张鑫将水杯放下,不紧不慢的说:“谁让你这么古板呢,只是运点感冒药罢了,又不犯法,你非得千方百计的拦着。”
路遥脸上闪过一丝了然之色,道:“张鑫你这垃圾,狗改不了吃屎。将感冒药运到国外提炼毒品……咳咳……”
张鑫理了下领带,笑道:“你别血口喷人啊,我可是国际知名企业家。这次回国,‘省招商引资局’还打电话欢迎我呢~”
路遥叹了口气,现在的自己什么都做不了,索性闭上眼睛不再说话,安静等待死亡的到来。
但张鑫却不想让眼前饱受病痛折磨、即将离世的表兄走好。他附身靠近,悄悄说道:琇書蛧
“表哥啊~其实呢,我这次回国主要就是见你一面,告诉你一声——你的癌,是我弄出来的~”
路遥陡然挣开眼,“你说什么!”
张鑫笑眯眯的掏出个铅盒打开,里面是件古怪的三角形饰物,仅有巴掌大小,中间是只眼睛似的图案,一看就很有年代感。

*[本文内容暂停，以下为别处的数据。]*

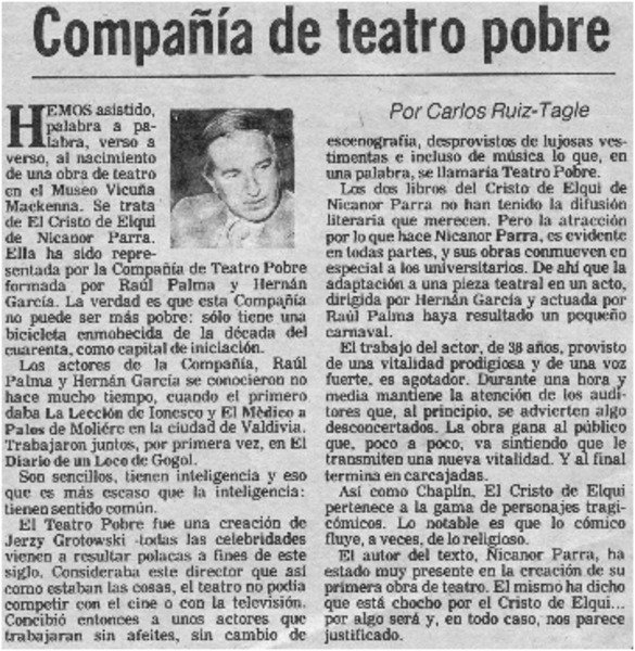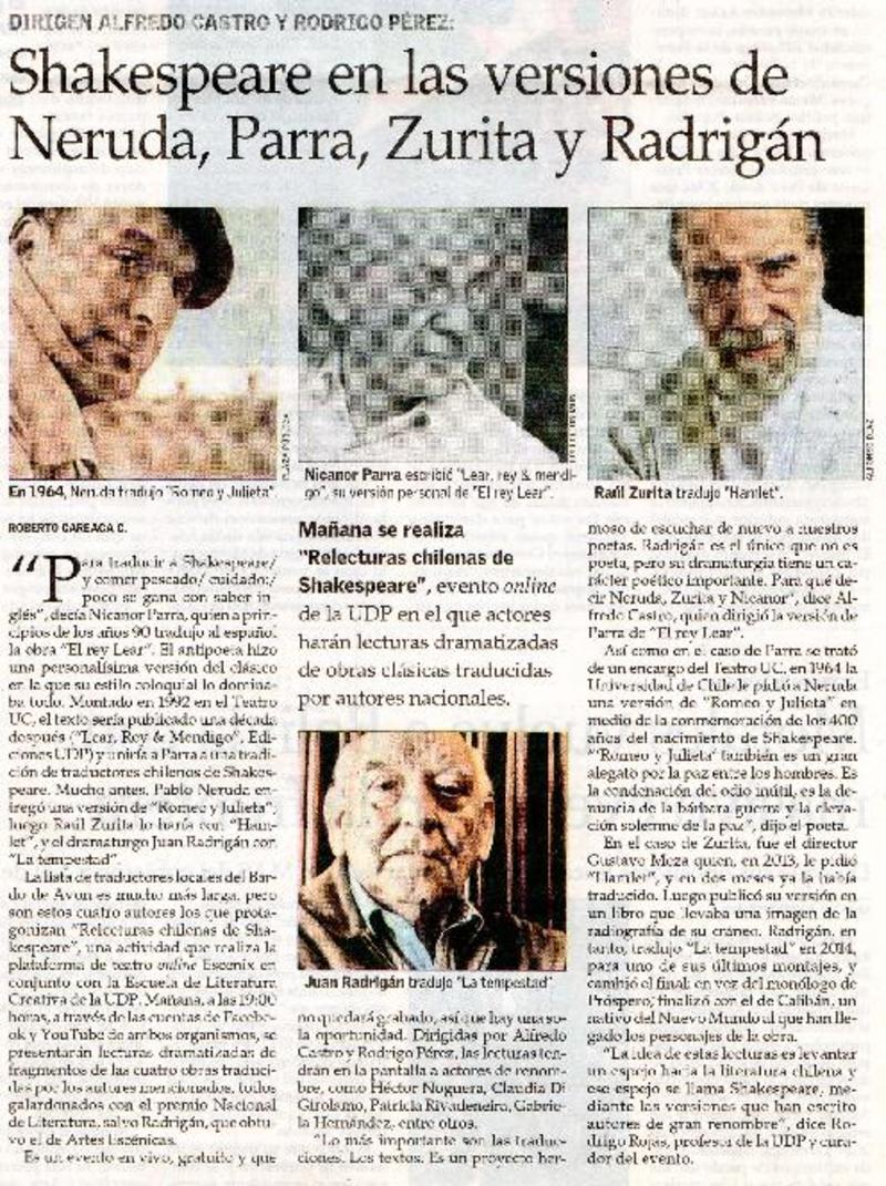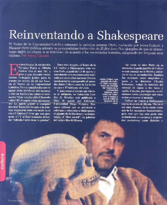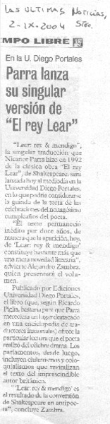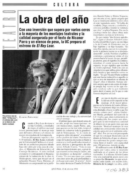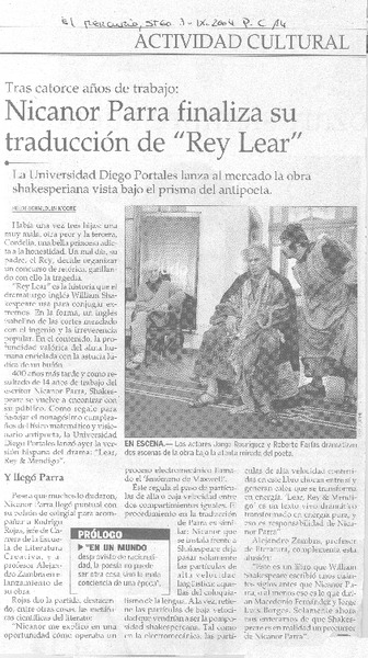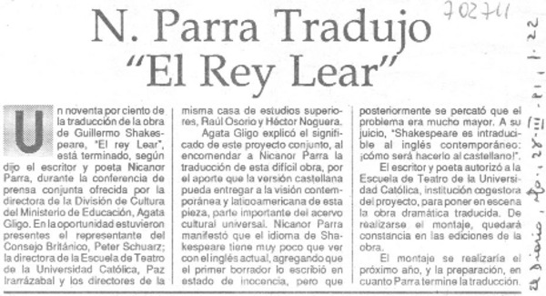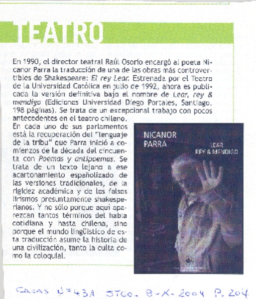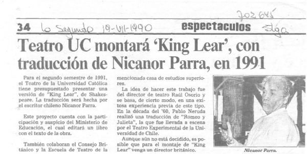 Teatro UC montará "King lear", con traducción de Nicanor Parra, en 1991. [artículo]

“眼熟吧?这是我亲手送你的,货真价实的古董。我在里面掺了点放射性物质,长期接触就会变成你现在这副鬼样子。”
路遥马上认出来,这是自己很喜欢的一件古物,天天摆在书桌上,时不时的把玩,没想到却是要人命的东西!
他伸出枯枝似的手臂,死死的抓住眼前人的胳膊!“你……”
“别激动~表哥,我西装很贵的。”张鑫轻松拿掉路遥的手,小心的捏起铅盒,将放射性饰物塞进他怀里。
“我赶飞机,得先走一步。你好好留着这个当做纪念吧,有机会再去你的坟头蹦迪~”
说完话,张鑫从容起身离开。临走前,还回头俏皮的眨眨眼。他原本就男生女相,此时的神态动作居然有些娇媚。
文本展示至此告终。